Darbe-Marbe; Bir deli kuyuya taş atıyor..!

Vekillerden mesaj geliyor, kimisi arayıp soruyor, sosyal medya'da konuşuluyor, partililer dillendiriyor; 'Darbe filan diye bir söylenti var, ne diyorsun' diye..
Darbe-Marbe; Bir deli kuyuya taş atıyor..!

Anadolu'da bir laf var;
"Bir deli kuyuya bir taş atmış, kırk akıllı çıkartamamış".

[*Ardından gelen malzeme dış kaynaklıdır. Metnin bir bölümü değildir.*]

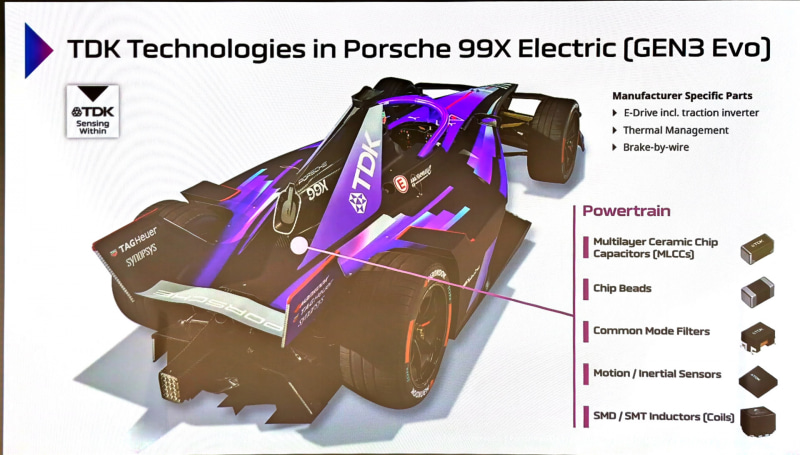 ポチャッコ氏は「TDKにはDC-Linkキャパシター、世界初6-axisフェールセーフ検知ユニット、低遅延で高速な応答性を実現するパワーハプティックス・アクチュエーター、SiC/GaNに最適化されたキャパシター、競合するものがないようなEMC対策ソリューション、TMRアングルセンサーなどのBEVを実現するための各種ソリューションがあり、そうした製品で自動車メーカーやティアワン部品メーカーなどがBEVを構築することを助けている。ポルシェとの協業も同様で、ポルシェが優れたフォーミュラEの車両を構築するのを助けるというのがこのパートナーシップだ」と述べ、TDKがもっているBEV向けソリューションをポルシェに提供しており、それをポルシェのフォーミュラE車両のうち、パワートレーンなどのマニファクチャラーが自分で開発できる領域に採用してもらうことで、ポルシェがフォーミュラEを戦うことを助けていると説明した。

Bırakın bunları hanımlar/beyler,
Bırakın…

Bu ülke 15 Temmuz gecesini yaşadı.
Artık "darbe" kelimesinin bile bu milletçe "veba" gibi iğrenç bir anlama geldiği algılanmadı mı.!
Söylentilerden medet umanlara da, tedirgin olanlara da sesleniyorum…
Bu millet darbeye geçit vermez.
Bu asker seçilmiş iradeye karşı çıkmaz.
Bu polis, darbe ve darbeciye alan bırakmaz.
Yıllardır aktif olmadım ama fiilen siyasetin içinde oldum.
Kızdığım, kırıldığım ve hatta ciddi mağdur olduğum dönemler oldu.
Ama hiçbir zaman seçilmişlerin bir darbeyle alaşağı edilmesine taraf olmadım, haklı bulmadım.
Ve hep kınadım, lanetledim, karşı durdum.

Bugün de; "ama'sız, fakat'sız, lakin'siz" siyasi iradenin ve Cumhurbaşkanı'nın yanındayım.
Çünkü ben en kötü sivil yönetimin bile, en iyi darbe idaresinden iyi olduğuna inanmış biriyim.
Bunları tespit ve tescilledikten sonra;
Öyle bir kritik dönemden geçiyoruz ki; hayat-memat meselesi…
Pandemi tüm hızıyla devam ediyor,
Ve daha önemlisi, hep dile getirip ısrarla üzerine parmak bastığım "Ekonomik Pandemi" kapımıza dayanmış halde.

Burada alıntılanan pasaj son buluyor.